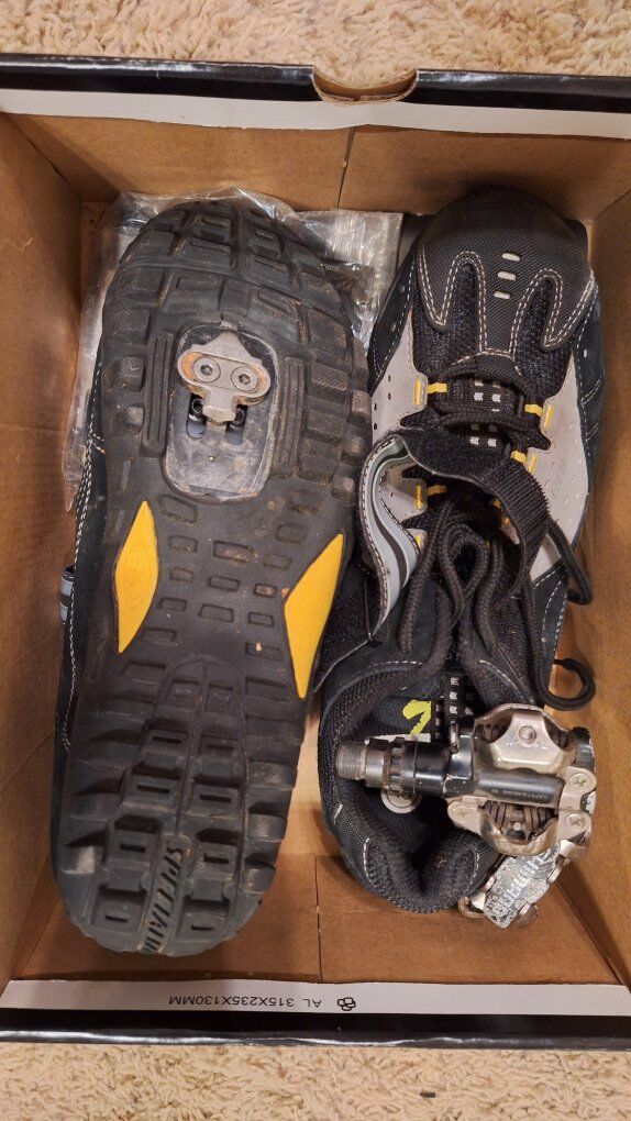 Specialized men's biking shoes and Shimano pedals. Shoes are like new, barely used, size 10. Pedals are used but still fully functional.
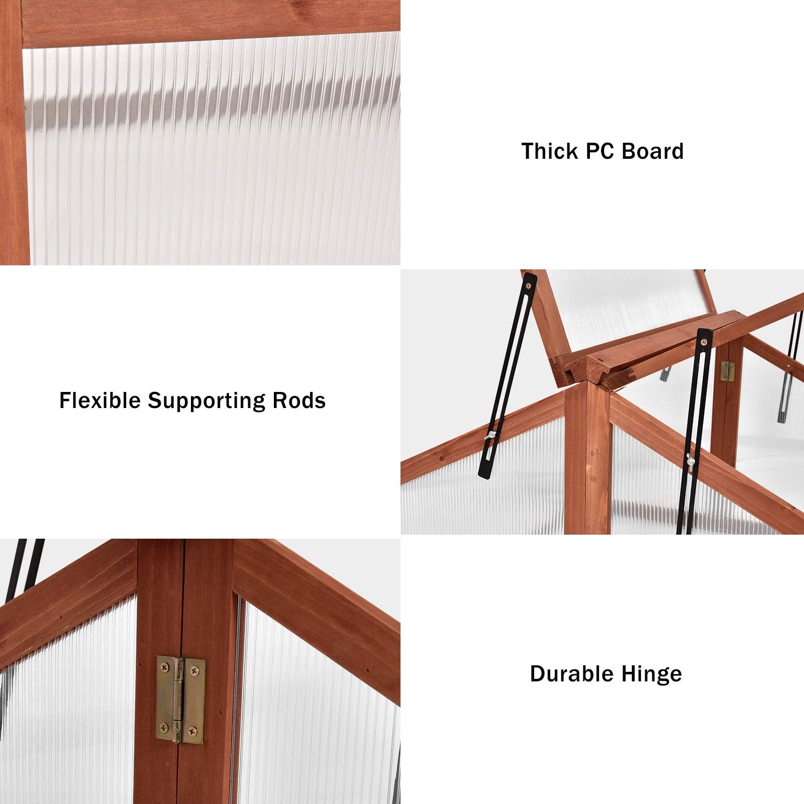 This large, solid wooden greenhouse is perfect for extending your growing season and protecting your plants. Flowers in it can enjoy sunbathing and grow healthy in cloudy, snowy, or other conditions. Feature with a solid fir wood frame, the greenhouse is durable and sturdy. Feature with double box, allowing you to plant many of your favorite plants in all seasons. Perfect size for the mini greenhouse, you can put it in your backyard, garden, yard, and other living space. It will be a functional greenhouse for your planter, but also a great addition to your outdoor living space. Do not hesitate to buy one!
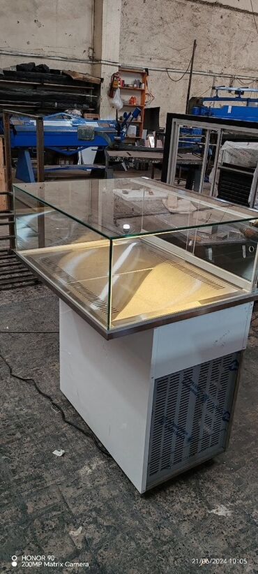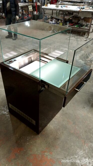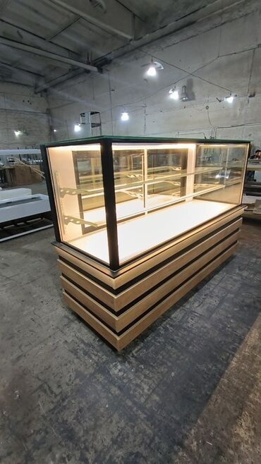 - Şüşə vitrinli tezgah tipli soyuducu: geniş ekspozisiya sahəsi, LED işıqlandırma, taxta dekorlu korpus, üç tərəfdən görünüş, şüşə raflar.

═══

*Exercise description:* Leaving the pictures out, output all of the listing exactly.

*Response box:*
 Specialized men's biking shoes and Shimano pedals. Shoes are like new, barely used, size 10. Pedals are used but still fully functional.
 This large, solid wooden greenhouse is perfect for extending your growing season and protecting your plants. Flowers in it can enjoy sunbathing and grow healthy in cloudy, snowy, or other conditions. Feature with a solid fir wood frame, the greenhouse is durable and sturdy. Feature with double box, allowing you to plant many of your favorite plants in all seasons. Perfect size for the mini greenhouse, you can put it in your backyard, garden, yard, and other living space. It will be a functional greenhouse for your planter, but also a great addition to your outdoor living space. Do not hesitate to buy one!
 - Şüşə vitrinli tezgah tipli soyuducu: geniş ekspozisiya sahəsi, LED işıqlandırma, taxta dekorlu korpus, üç tərəfdən görünüş, şüşə raflar.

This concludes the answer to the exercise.